TASK REQUIREMENTS:
For the entries below, repeat exactly each line starting with the one that contains "Độc Đáo Lạ Mắt" and going on through the one that contains "本产品由捷付睿通股份有限公司", and no others.

GIVEN RECORDS:
──────────────────────────────

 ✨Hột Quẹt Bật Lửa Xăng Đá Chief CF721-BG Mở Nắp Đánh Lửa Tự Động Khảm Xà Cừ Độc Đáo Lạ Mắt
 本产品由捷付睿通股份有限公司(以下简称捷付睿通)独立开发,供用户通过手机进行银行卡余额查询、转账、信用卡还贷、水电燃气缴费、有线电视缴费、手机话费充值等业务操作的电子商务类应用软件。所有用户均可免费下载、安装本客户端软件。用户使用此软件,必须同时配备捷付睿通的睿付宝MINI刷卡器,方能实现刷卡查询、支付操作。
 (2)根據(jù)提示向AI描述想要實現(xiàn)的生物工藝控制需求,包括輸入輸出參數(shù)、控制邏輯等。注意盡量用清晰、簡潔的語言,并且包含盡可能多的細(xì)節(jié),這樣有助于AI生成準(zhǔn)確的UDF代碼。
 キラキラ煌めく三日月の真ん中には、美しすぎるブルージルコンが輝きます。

──────────────────────────────

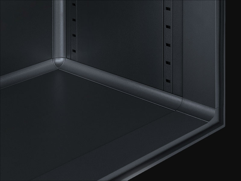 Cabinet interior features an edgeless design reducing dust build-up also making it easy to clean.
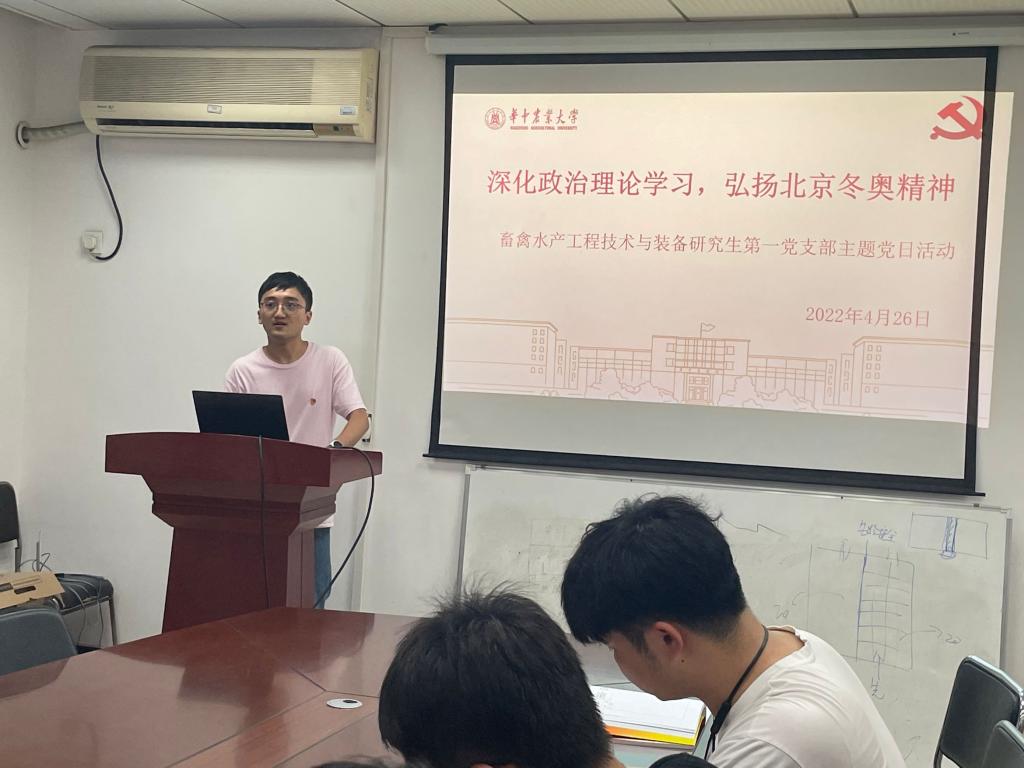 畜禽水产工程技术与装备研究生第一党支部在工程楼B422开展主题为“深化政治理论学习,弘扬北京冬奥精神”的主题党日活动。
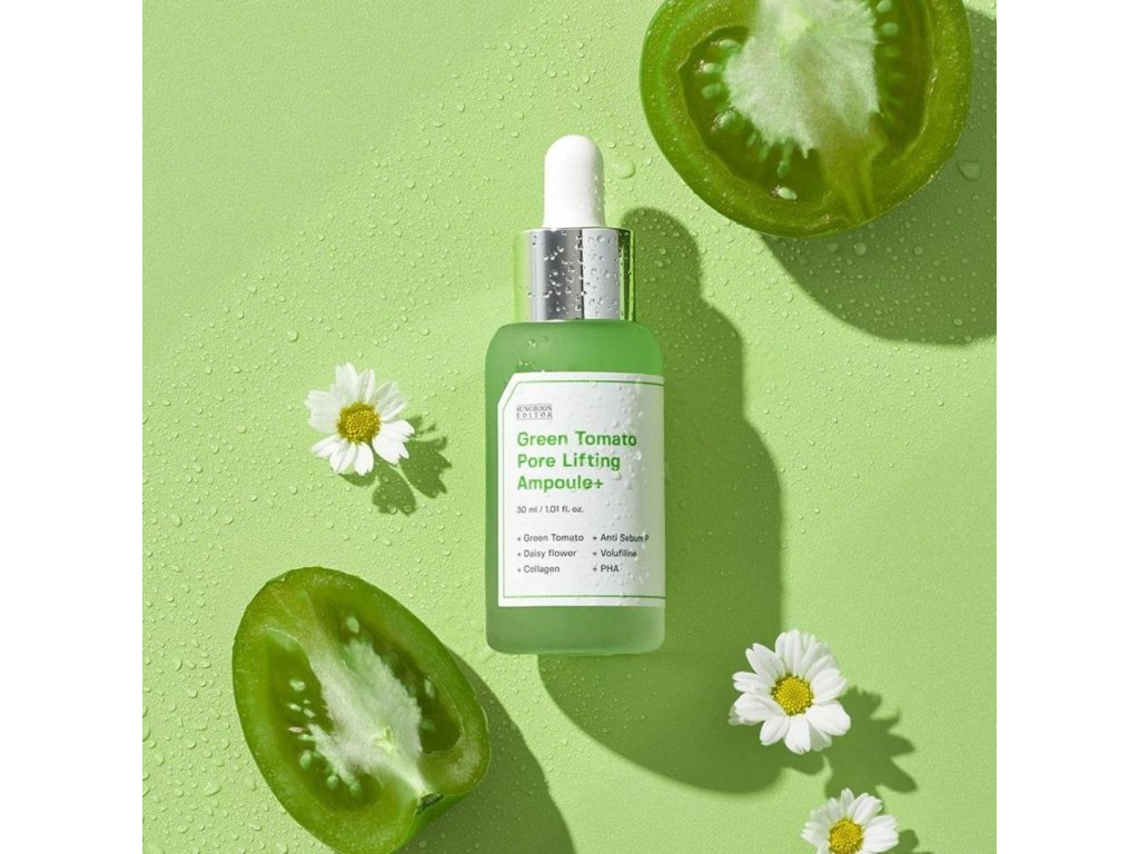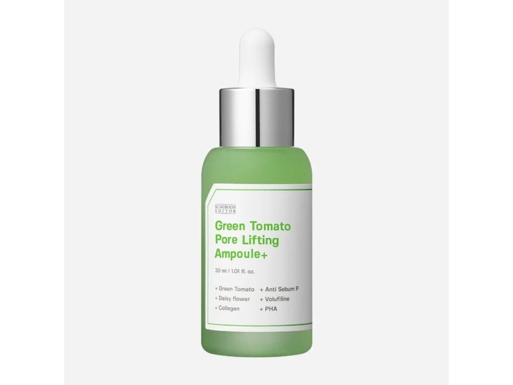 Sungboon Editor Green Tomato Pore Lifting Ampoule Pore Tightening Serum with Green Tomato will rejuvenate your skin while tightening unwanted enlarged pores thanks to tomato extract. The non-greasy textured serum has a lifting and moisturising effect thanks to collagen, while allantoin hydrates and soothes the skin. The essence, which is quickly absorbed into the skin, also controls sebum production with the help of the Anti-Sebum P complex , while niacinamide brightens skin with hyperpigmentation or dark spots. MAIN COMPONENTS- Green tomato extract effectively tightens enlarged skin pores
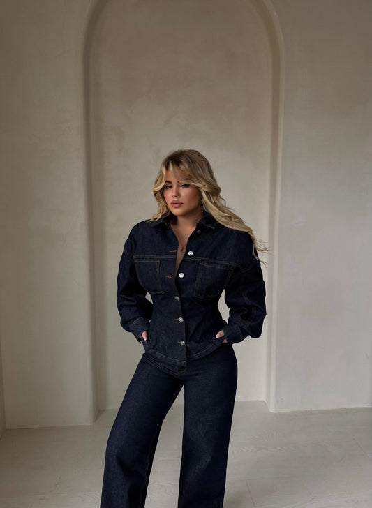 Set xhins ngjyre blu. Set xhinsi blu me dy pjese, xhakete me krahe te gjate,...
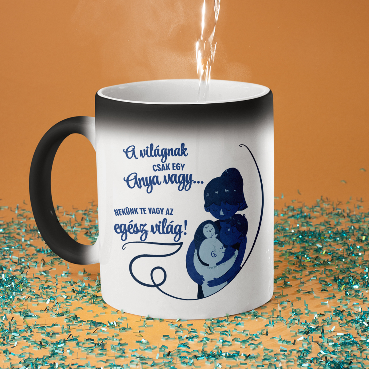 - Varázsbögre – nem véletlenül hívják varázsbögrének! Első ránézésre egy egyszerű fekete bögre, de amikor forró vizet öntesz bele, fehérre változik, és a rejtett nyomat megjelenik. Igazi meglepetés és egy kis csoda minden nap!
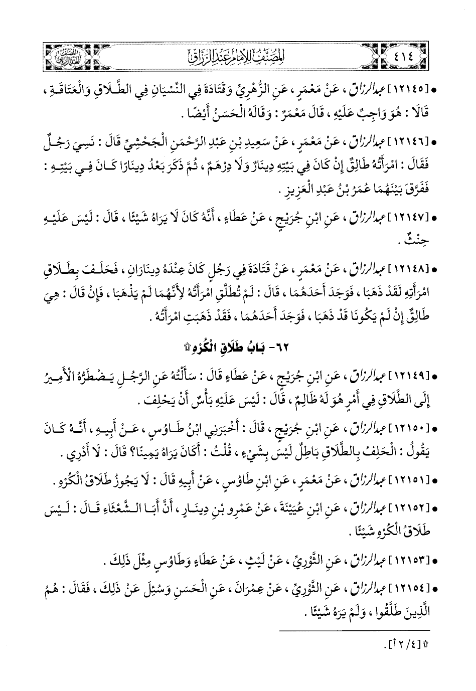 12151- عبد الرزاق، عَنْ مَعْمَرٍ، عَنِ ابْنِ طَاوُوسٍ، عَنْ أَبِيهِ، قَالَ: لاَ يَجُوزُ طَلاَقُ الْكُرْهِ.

──────────────────────────────

RESPONSE TO THIS TASK:
 ✨Hột Quẹt Bật Lửa Xăng Đá Chief CF721-BG Mở Nắp Đánh Lửa Tự Động Khảm Xà Cừ Độc Đáo Lạ Mắt
 本产品由捷付睿通股份有限公司(以下简称捷付睿通)独立开发,供用户通过手机进行银行卡余额查询、转账、信用卡还贷、水电燃气缴费、有线电视缴费、手机话费充值等业务操作的电子商务类应用软件。所有用户均可免费下载、安装本客户端软件。用户使用此软件,必须同时配备捷付睿通的睿付宝MINI刷卡器,方能实现刷卡查询、支付操作。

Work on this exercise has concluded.